◆ **Prompt**: Leave every picture out. Set down all the lines below exactly.

◆ **Given data**:
——————
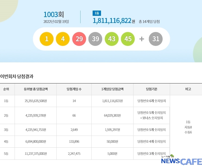 [뉴스카페]19일 추첨한 동행복권 1003회 로또6/45 1등 당첨자는 14명으로 1인당 18억1,111만원씩의 당첨금을 받는다.
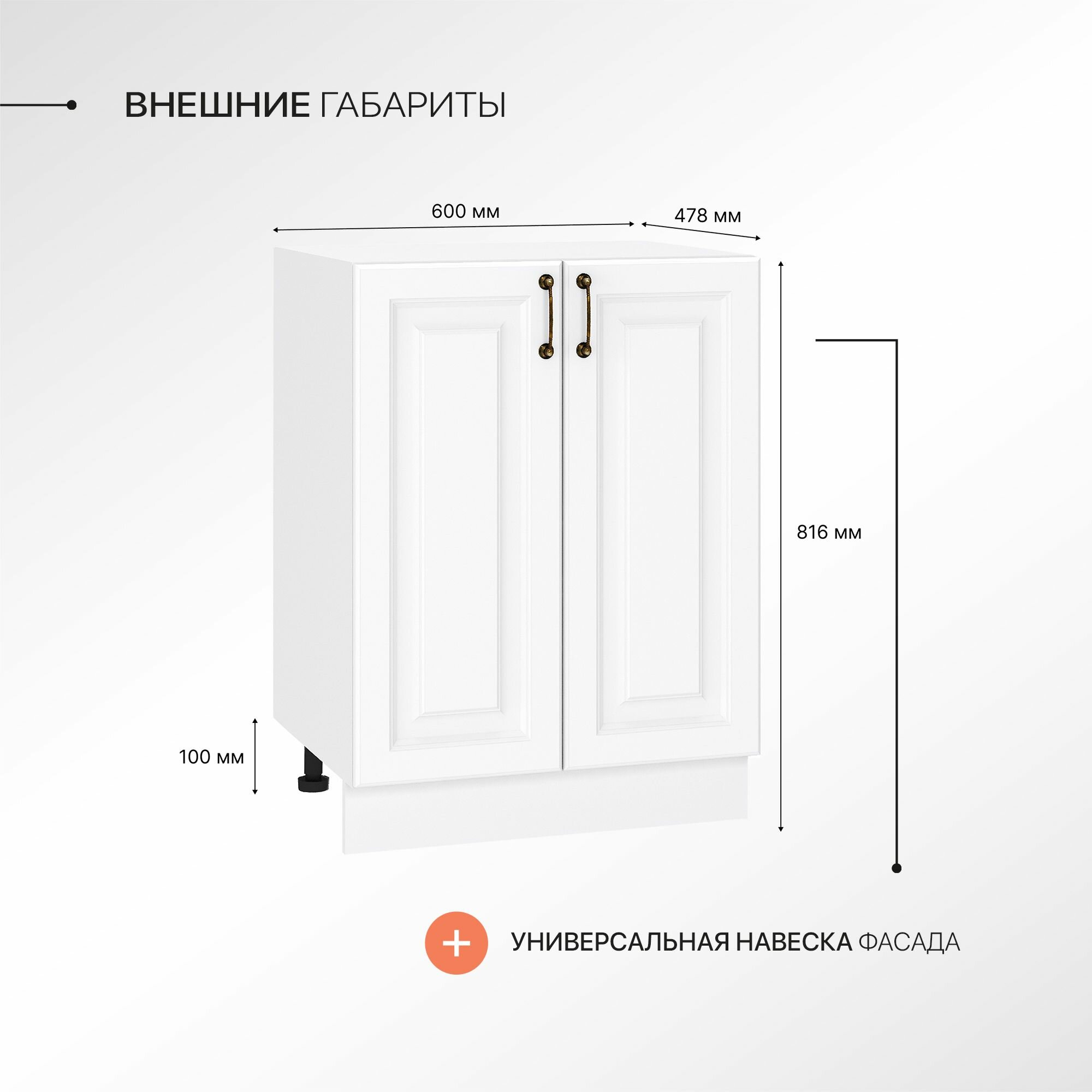 Данный кухонный модуль может использоваться самостоятельно, либо в комбинации с другими навесными кухонными шкафами и напольными тумбами, создавая полноценный кухонный гарнитур. При этом не требуется создание сложного проекта, достаточно выбрать необходимые вам модули для кухни или воспользоваться одним из готовых решений, представленных в нашем магазине.
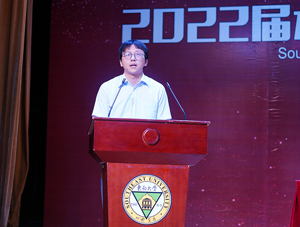 教师代表基础部副教授白磊在发言中代表全体教职员工对2022届毕业生致以最诚挚的祝贺和最衷心的祝福,希望毕业生们在即将走向社会之际学无止境,保持自我滋养;调整心态,端正态度;活出自我,回馈社会。
——————
◆ **Your response**:
 [뉴스카페]19일 추첨한 동행복권 1003회 로또6/45 1등 당첨자는 14명으로 1인당 18억1,111만원씩의 당첨금을 받는다.
 Данный кухонный модуль может использоваться самостоятельно, либо в комбинации с другими навесными кухонными шкафами и напольными тумбами, создавая полноценный кухонный гарнитур. При этом не требуется создание сложного проекта, достаточно выбрать необходимые вам модули для кухни или воспользоваться одним из готовых решений, представленных в нашем магазине.
 教师代表基础部副教授白磊在发言中代表全体教职员工对2022届毕业生致以最诚挚的祝贺和最衷心的祝福,希望毕业生们在即将走向社会之际学无止境,保持自我滋养;调整心态,端正态度;活出自我,回馈社会。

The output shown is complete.